Correspondent's Notebook

Making the most of PNG’s business opportunities

9 May 2008

Each year, captains of industry from Australia and Papua New Guinea get together for their annual agenda setting meeting – The Australia PNG Business Forum.

The 2008 Business Forum was held in Cairns, this week, and while issues of importance to the hugely lucrative energy and resources industry were discussed, it was the small and medium sized enterprise sector that got much of the attention.

Here’s Radio Australia’s Pacific Economic and Business Reporter, Jemima Garrett.

Papua New Guinea is rich in indigenously-run micro, small and medium sized enterprises – from the betel nut sellers and PMV operators on the streets of Port Moresby, to the handicraft makers and coffee, cocoa and vegetable growers in rural areas.

Many businesses, such as tailoring, accountancy, motor mechanics and cooking, rely on the skills of their owners. Still others, such as mobile phone providers, boat operators and cleaning businesses, offer vital services.

The ingenuity of Papua New Guineans is endless. The rush to be your own boss in a micro-business was seen again in the last few weeks when landowners around the landslide-affected area of the Highlands Highway quickly established a lucrative trade carrying tonnes of cargo across the damaged area. At ten dollars per ten kilo bag for the 2 kilometre trip, locals were making a up to eighty dollars a day in their short-lived venture.

While there is no shortage of ingenuity making a go of business takes more than just a good idea or a good product.

It was great to see business and government representatives at the Australia PNG business Forum in Cairns taking the issue seriously.

As the Forum’s final communiqué, said small and medium sized enterprises are the engine of jobs growth and of poverty alleviation – not just in Papua New Guinea but across the Pacific and the Developing world.

The vast majority of businesses in Papua New Guinea are micro businesses in the informal sector. Many have the potential to transform themselves into bigger operations that employ people and even export, but to do that, they must face up to the problems of becoming official.

The World Bank ranks 178 economies for the ease of starting a business – that is for the number of steps entrepreneurs can expect to have to go through to launch their business; the time it takes and the amount of capital required.

PNG ranks 76th.

If making your business official is too complicated, time consuming and expensive many people will decide it is just not worth the effort and valuable opportunities to create badly needed jobs will be lost. Once the business is established the same holds true – if finance for expansion is too hard to get, or the hassle of obtaining permits is too onerous, business will stagnate.
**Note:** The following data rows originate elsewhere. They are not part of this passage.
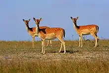 There are meadow, coastal water and sand-steppe landscapes. The flora includes about 700 species of plants. In the 1970s-80s, on the area of 232 hectares, there were planted shelter forests, consisting of elaeagnus angustifolia, ulmus laevis, robinia pseudoacacia, fraxinus excelsior. It is a habitat for about a thousand of acclimatized red deer, 2500 fallow deer, 90 onagers and several dozens of domestic horses and moufflons; acclimatized birds are pheasants.
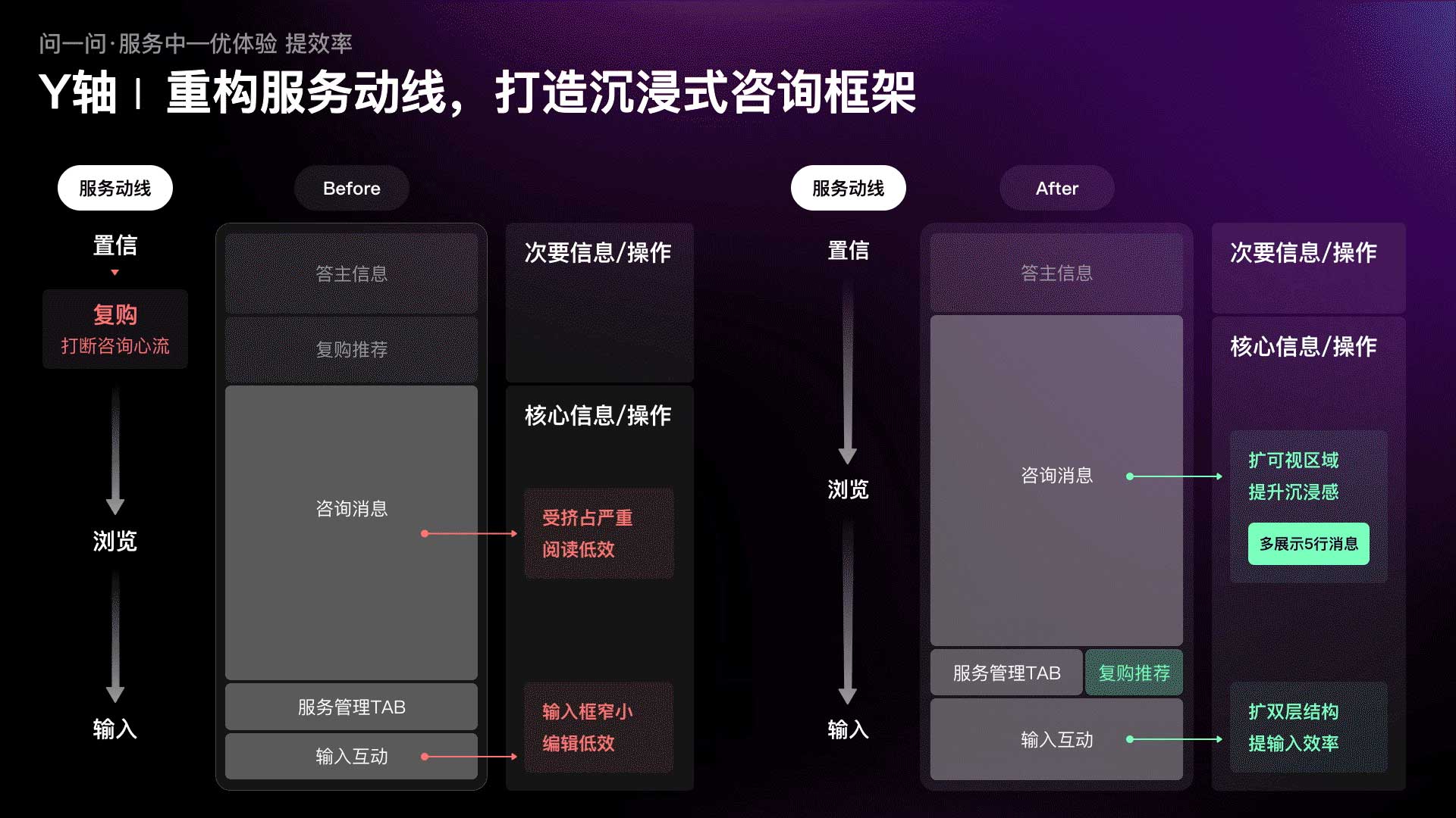 ?到了新的發(fā)展階段,我們的設(shè)計(jì)愿景該如何實(shí)現(xiàn)?問(wèn)一問(wèn)設(shè)計(jì)團(tuán)隊(duì)以“服務(wù)體驗(yàn)”為原點(diǎn),發(fā)起了C端核心服務(wù)體驗(yàn)的升級(jí)專(zhuān)項(xiàng)。借助用戶(hù)觀(guān)察、體驗(yàn)遍歷等方法,沿用戶(hù)真實(shí)體驗(yàn)路徑梳理服務(wù)“前-中-后”各階段的關(guān)鍵問(wèn)題、挖掘優(yōu)化機(jī)會(huì)。再結(jié)合設(shè)計(jì)、體驗(yàn)雙視角,建立以服務(wù)前“建認(rèn)知、促轉(zhuǎn)化”、服務(wù)中“優(yōu)體驗(yàn)、提效率”、服務(wù)后“增觸達(dá)、助留存”為核心指導(dǎo)原則的設(shè)計(jì)打法。通過(guò)切實(shí)滿(mǎn)足用戶(hù)在服務(wù)各階段需求來(lái)激發(fā)持續(xù)消費(fèi)、讓服務(wù)閉環(huán)順暢運(yùn)轉(zhuǎn),從而有效地賦能業(yè)務(wù)增長(zhǎng),達(dá)到體驗(yàn)和收入的雙豐收。
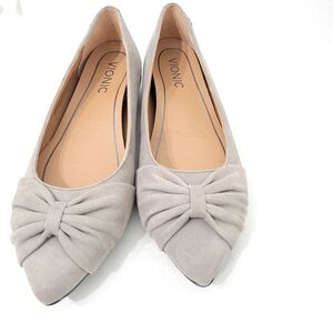 Vionic Women's Gramercy Poin Toe Gray Bow Flats Size 6
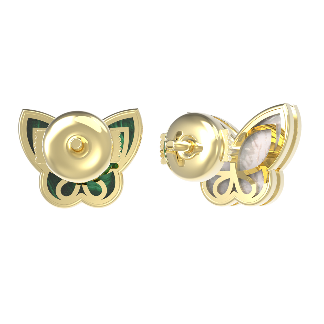 Серьги из лимонного золота c малахитом и перламутром
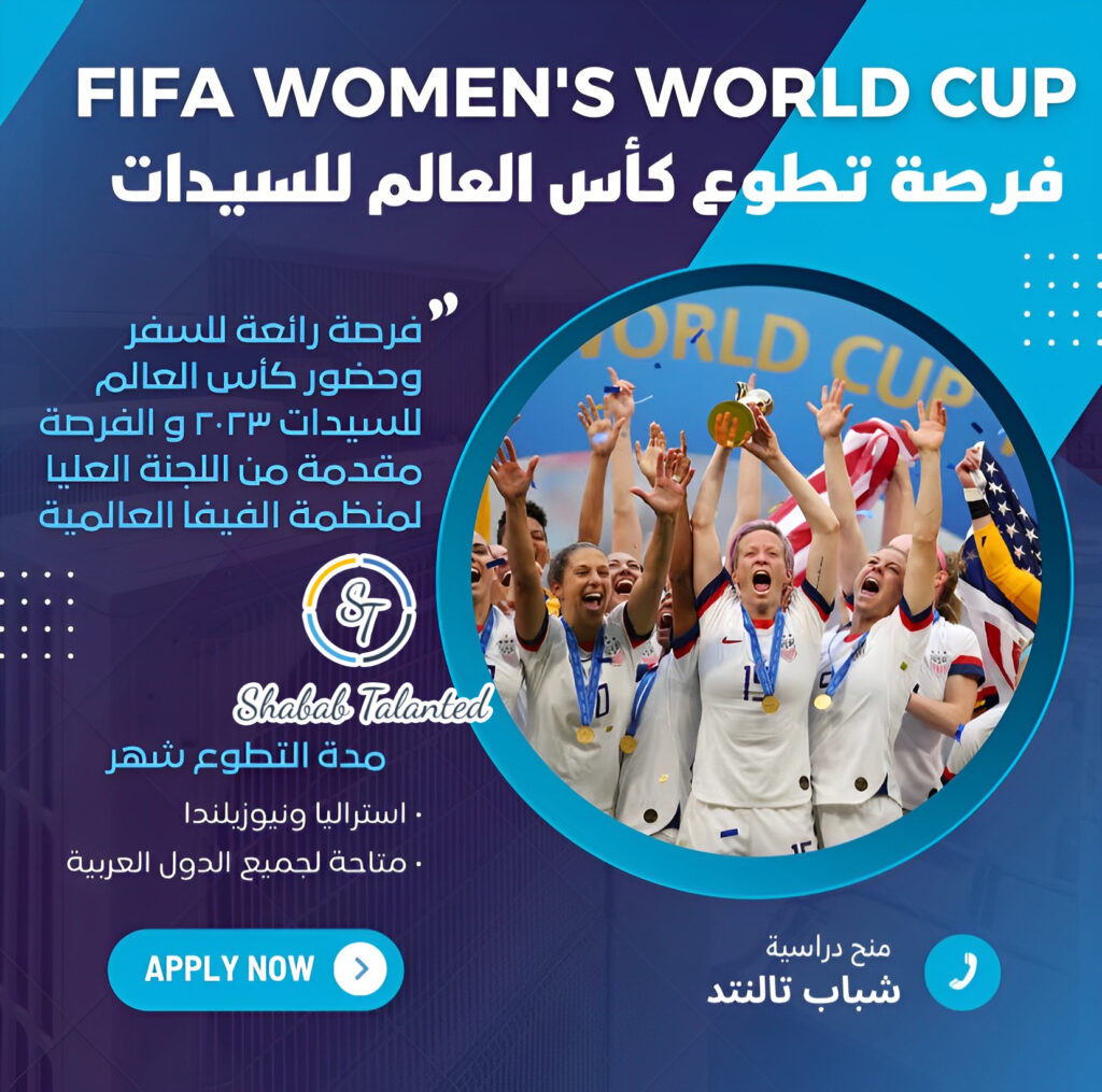 هي فرصة رائعة للسفر وحضور كأس العالم للسيدات ٢٠٢٣ و الفرصة مقدمة من اللجنة العليا لمنظمة الفيفا العالمية و من المُقرر أن تكون النسخة التاسعة من كأس العالم للسيدات . تجربة لا تنسي حيث يتنافس ٣٢ فريقا في ٦٤ مباراة عبر استراليا واوتياروا ونيوزيلندا .إذا كنت تريد الحضور والاقتراب من أكبر حدث رياضي للسيدات في العالم فقم بالتسجيل الآن .المتطوعون هُم الشغف ويد المساعدة والابتسامة الدافئة لكأس العالم للسيدات من خلال التطوع ستشارك . ستكون جزء من اكبر حدث رياضي للسيدات .

Improving the business environment is hard work for government; over the past few years PNG has made some big steps forward but other countries are doing the same, and because in the past year PNG did not make any improvements it has slipped down the World Bank overall Ease-of-Doing-Business rankings, from 81st in 2007 to 84th in 2008.

When it comes to credit availability and ease of obtaining licences, PNG ranks 115th and 118th.

Reforms that lower the cost of opening a business and make it simpler are clearly in everyone’s interests, and that is what the Australia PNG Business Forum is calling for. It also wants to see mentoring programs establsihed for small business people and the strengthening or organisations which assist small and medium-sized enterprises.

Women operate well over half of all businesses in the informal sector, but much fewer of them make the transition to small business. It is for this reason that The Australia PNG Business Forum is calling for special programs aimed at assisting female entrepreneurs.

With huge new gas and resources projects due to get off the ground in PNG shortly, opportunities for indigenous business are set to boom – let’s hope the business environment and support are available for Papua New Guineans to make the most of those opportunities.